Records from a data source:

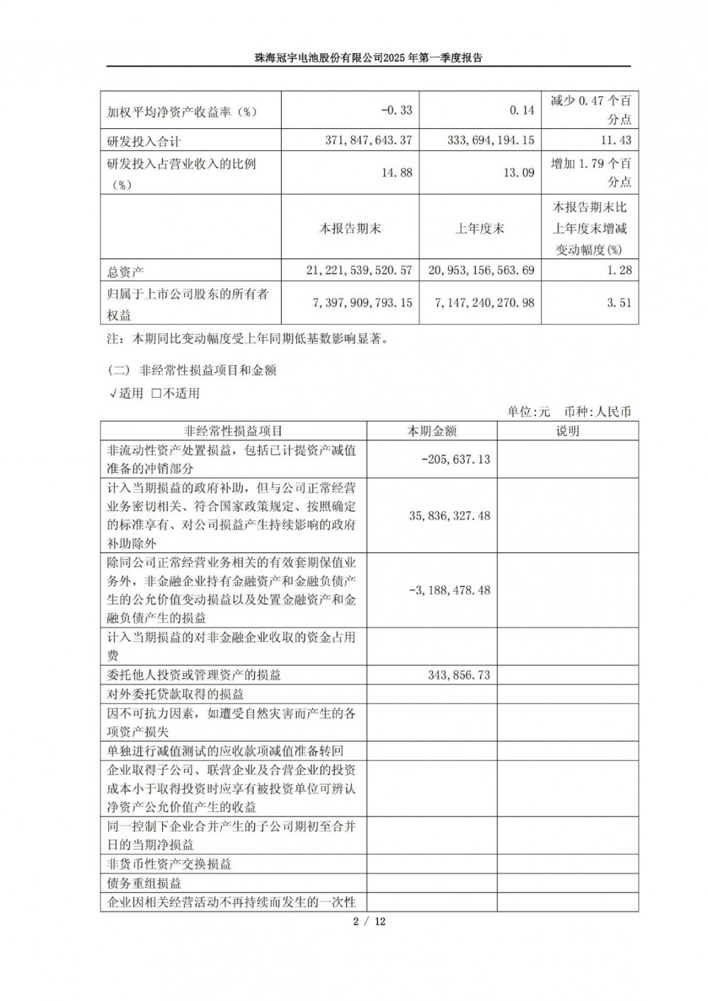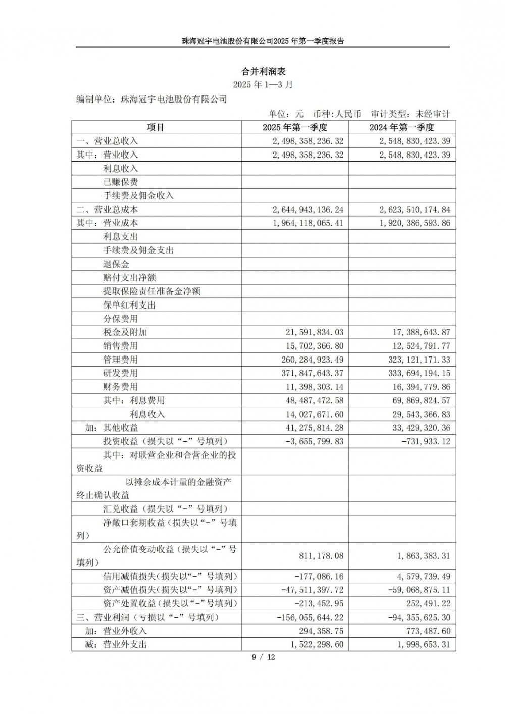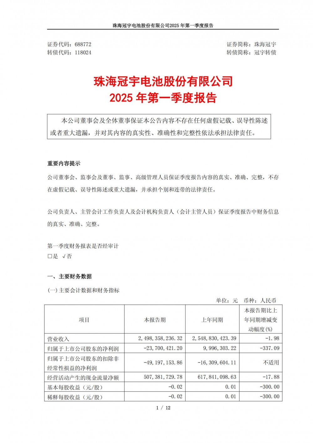 2025年一季度,珠海冠宇实现营业总收入24.98亿元,同比上涨1.98%;归母净利润亏损2370.04万元,同比下降337.09%;扣非净利润亏损4919.72万元,上年同期亏损1630.96万元。
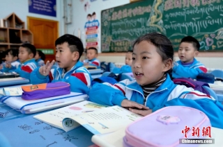 3月10日,拉萨市第一小学一年级八班学生们正在上藏语文课。中新社记者 李林 摄
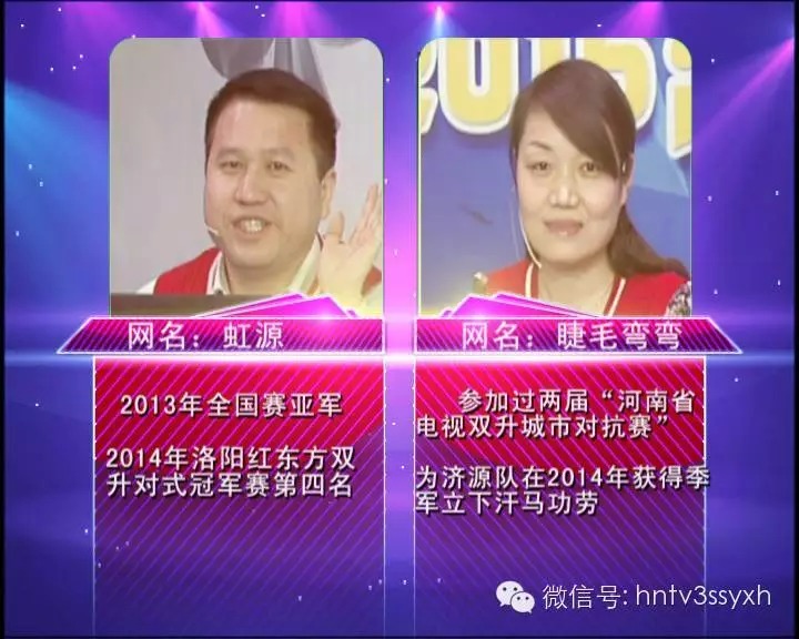 “睫毛彎彎”代表濟源參加兩屆城市對抗賽,為濟源隊在2014年獲得季軍立下汗馬功勞,“虹源”是濟源隊隊長,帶領濟源隊多次獲得優異成績,曾獲得2013年全國賽亞軍,2014年洛陽紅東方雙升對式冠軍賽第四名。
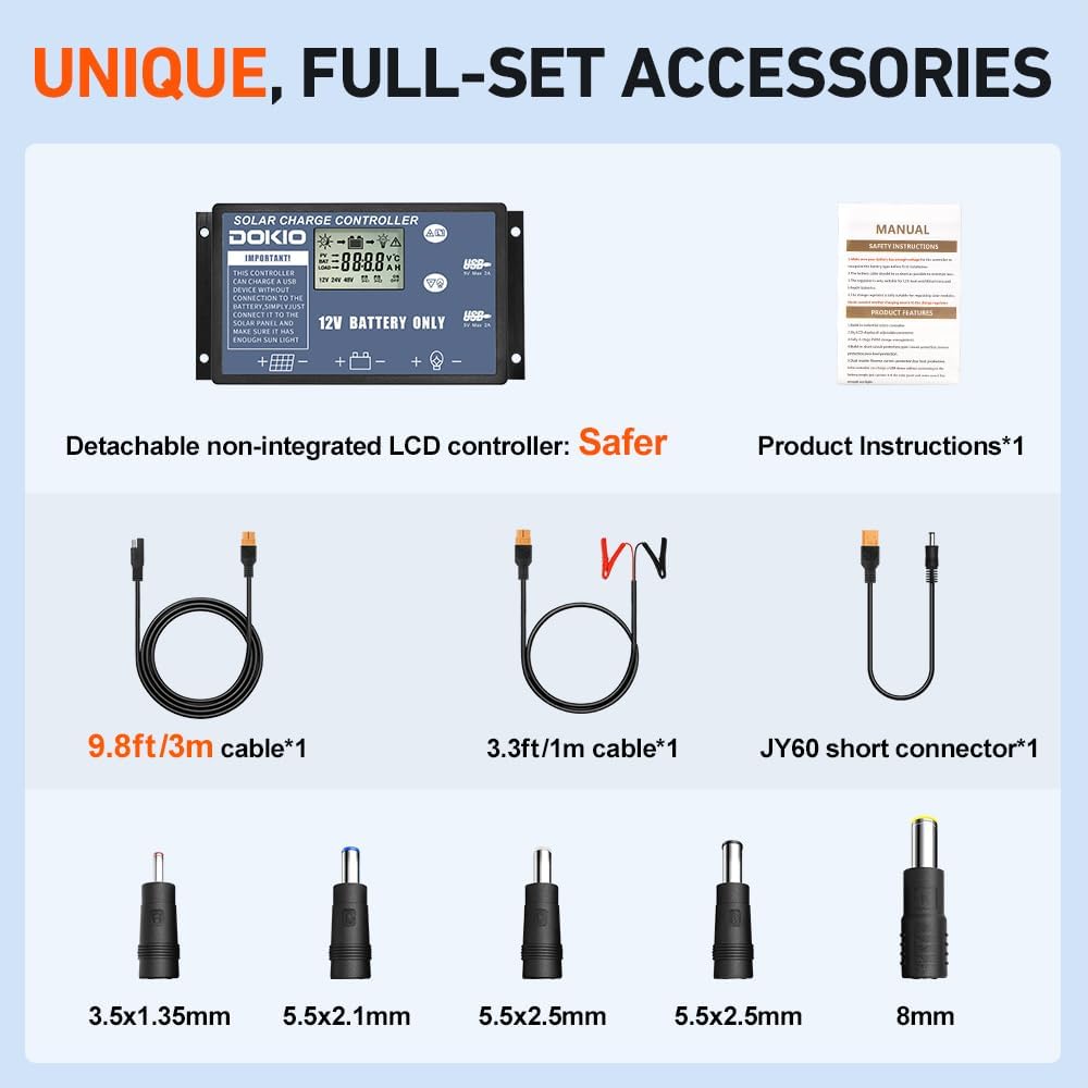 - 【ALL-IN-ONE KIT, READY TO GO】 Includes 200W foldable panel, standalone controller, SAE/XT60/alligator clips, 4 DC adapters (3.5×1.35mm / 5.5×2.1mm / 5.5×2.5mm / 8.0mm), 9.8ft cable, storage bag, and manual—everything you need for quick setup out of the box.
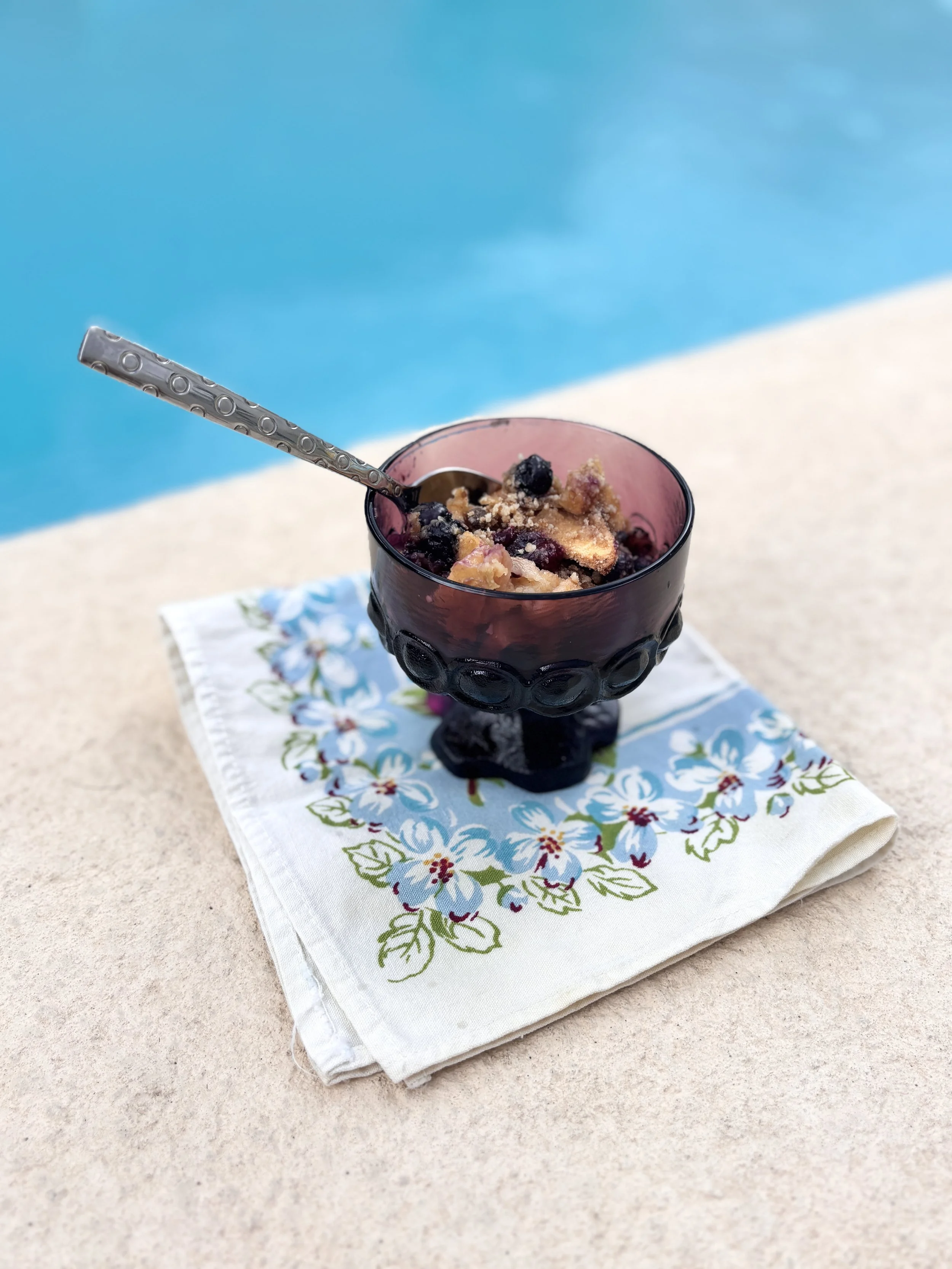 I don’t know what it takes to call something a “Jubilee,” however, I’ve decided this dessert deserves that honor. It’s my mom’s apple pie recipe without the crust (and with blueberries added). Just because the crust isn’t there doesn’t mean something isn’t delicious– and this is!

= About this exercise =
Please reproduce exactly, and nothing more, the lines from the one containing "- 【ALL-IN-ONE KIT, READY" through the last line of the entries, both included; pictures stay out.

= Result of this task =
 - 【ALL-IN-ONE KIT, READY TO GO】 Includes 200W foldable panel, standalone controller, SAE/XT60/alligator clips, 4 DC adapters (3.5×1.35mm / 5.5×2.1mm / 5.5×2.5mm / 8.0mm), 9.8ft cable, storage bag, and manual—everything you need for quick setup out of the box.
 I don’t know what it takes to call something a “Jubilee,” however, I’ve decided this dessert deserves that honor. It’s my mom’s apple pie recipe without the crust (and with blueberries added). Just because the crust isn’t there doesn’t mean something isn’t delicious– and this is!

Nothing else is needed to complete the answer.